== Data excerpts
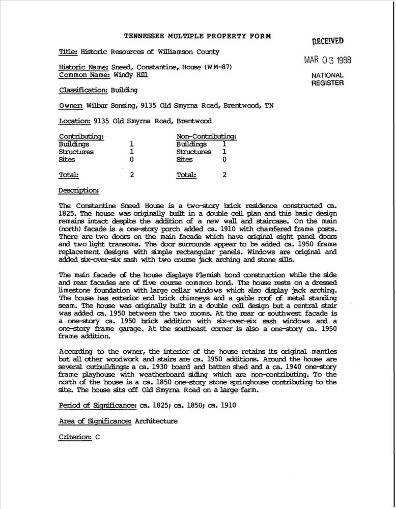 Sneed, Constantine, House
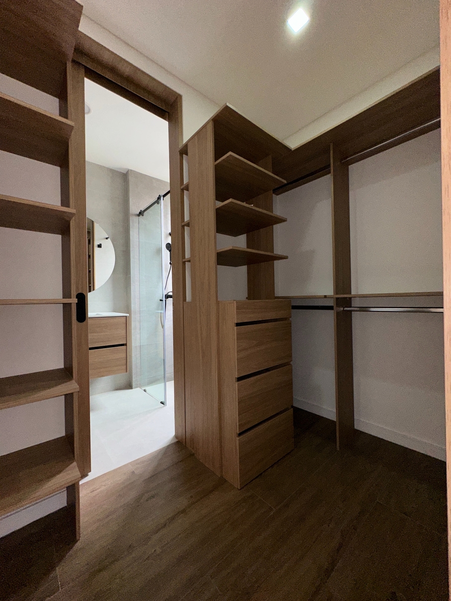 Diseñamos y fabricamos cocinas, closets, centros de entretenimiento, baños, licoreras, estudios, puertas y más. Cada pieza está pensada para integrarse con la arquitectura del espacio, optimizando su funcionalidad y estética.
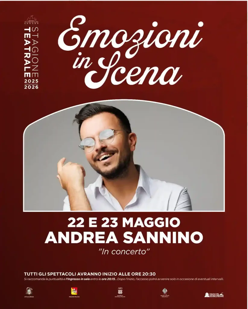 Il 22 e 23 maggio il palco del Teatro Vincenzo Bellini di Adrano accoglie Andrea Sannino per due appuntamenti imperdibili all’insegna della musica e dell’emozione autentica.
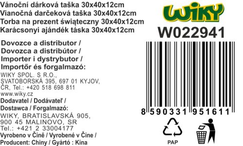 Dárková taška L 30x40x12 cm Vánoce. 4 různé motivy.
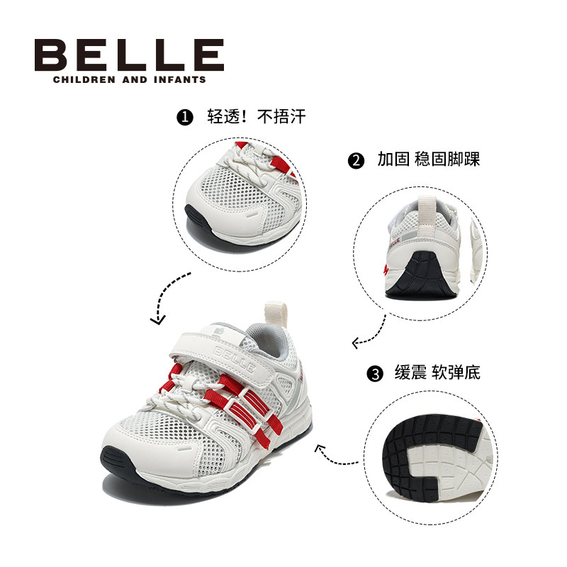 百丽童鞋女童运动鞋春季新款男童跑步鞋儿童透气网面休闲鞋中大童
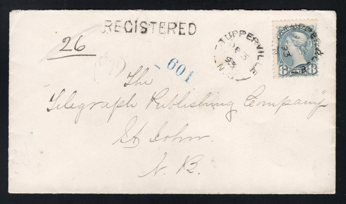 113 CVR 44a image1893 8c Small Queen on Registered Cover, mailed from Tupperville NS (DEC.3.1893) to St John NB (DEC.6 receiver) via the Halifax & Annapolis RPO (DEC.5). Franked with an early (first year) use of the 8c blue grey Small Queen, paying the proper domestic registration rate, very fine.
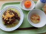 炒めジャージャーめん ベイクドポテト 冷凍みかん 牛乳
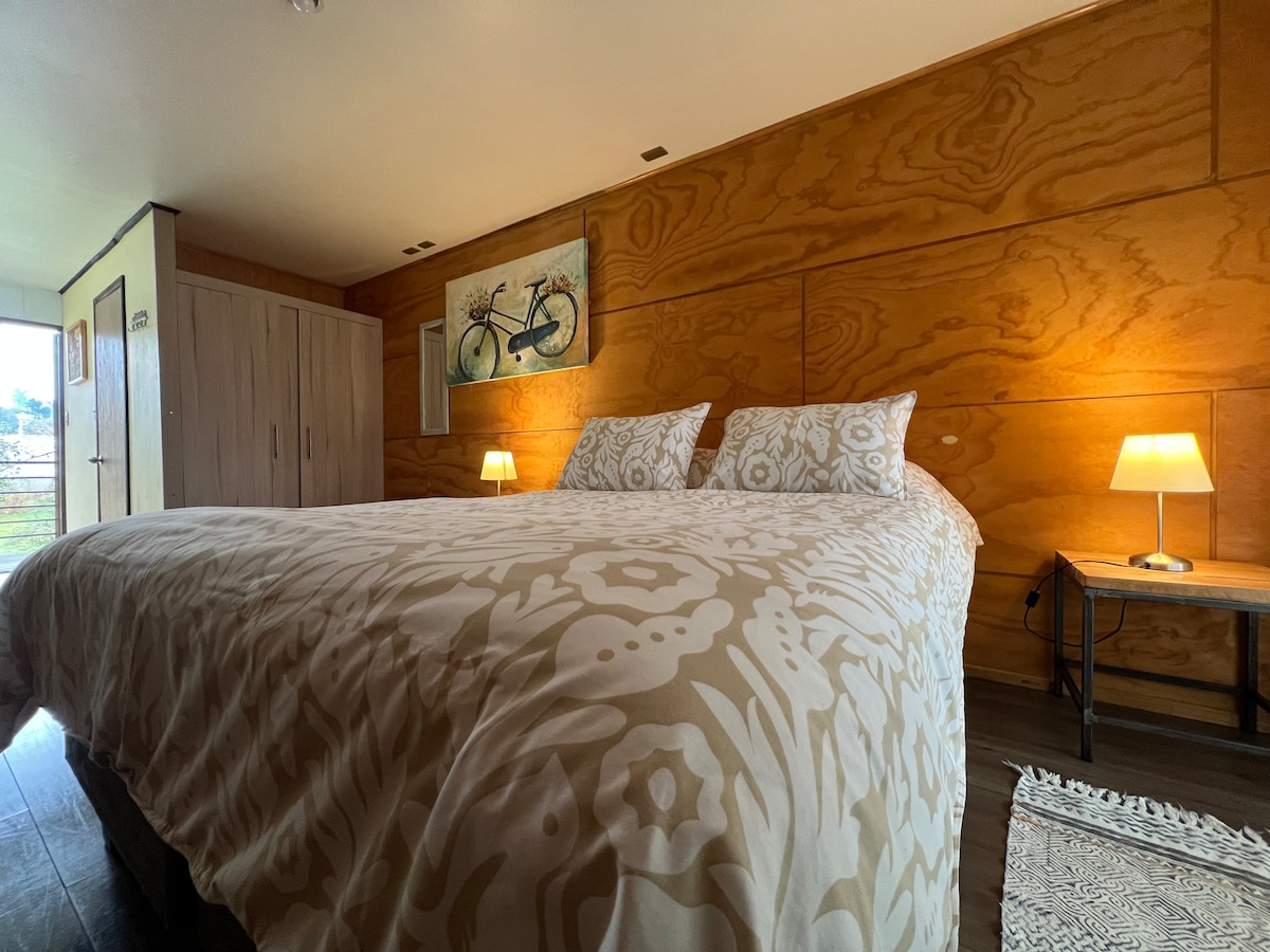 ¿Qué incluye? ° Cama matrimonial ° Baño privado ° Cocina equipada compartida ° Calefacción ° Toallas, papel higiénico, secador de pelo Nuestro alojamiento se ubica a 5 min. del centro de Pucón con acceso directo a ciclo vía y locomoción colectiva, además, cuentas con; estacionamiento, Wifi y calefacción. Beneficios Adicionales • Acceso a terrazas y áreas comunes • 50% de descuento en Mini Golf Pucón • Somos Pet Friendly (tarifa aparte)
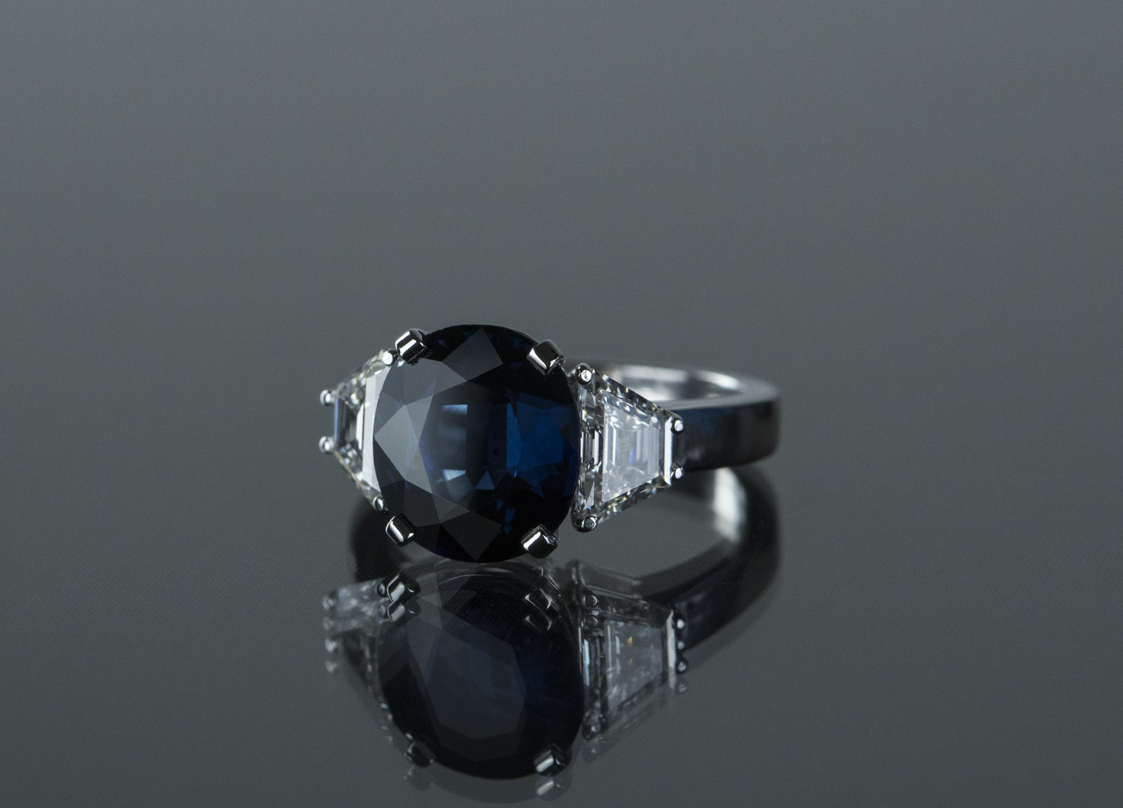 [Nessun Autore] Anello oro bianco gr 6.90 con uno zaffiro per cts 5.53 e due diamanti a trapezio per cts 1.28. -. .
====
Work instruction
Without the pictures, repeat the entries above line by line, from the first through the one that contains "113 CVR 44a", both ends included.

Task response
 Sneed, Constantine, House
 Diseñamos y fabricamos cocinas, closets, centros de entretenimiento, baños, licoreras, estudios, puertas y más. Cada pieza está pensada para integrarse con la arquitectura del espacio, optimizando su funcionalidad y estética.
 Il 22 e 23 maggio il palco del Teatro Vincenzo Bellini di Adrano accoglie Andrea Sannino per due appuntamenti imperdibili all’insegna della musica e dell’emozione autentica.
 Dárková taška L 30x40x12 cm Vánoce. 4 různé motivy.
 百丽童鞋女童运动鞋春季新款男童跑步鞋儿童透气网面休闲鞋中大童
 113 CVR 44a image1893 8c Small Queen on Registered Cover, mailed from Tupperville NS (DEC.3.1893) to St John NB (DEC.6 receiver) via the Halifax & Annapolis RPO (DEC.5). Franked with an early (first year) use of the 8c blue grey Small Queen, paying the proper domestic registration rate, very fine.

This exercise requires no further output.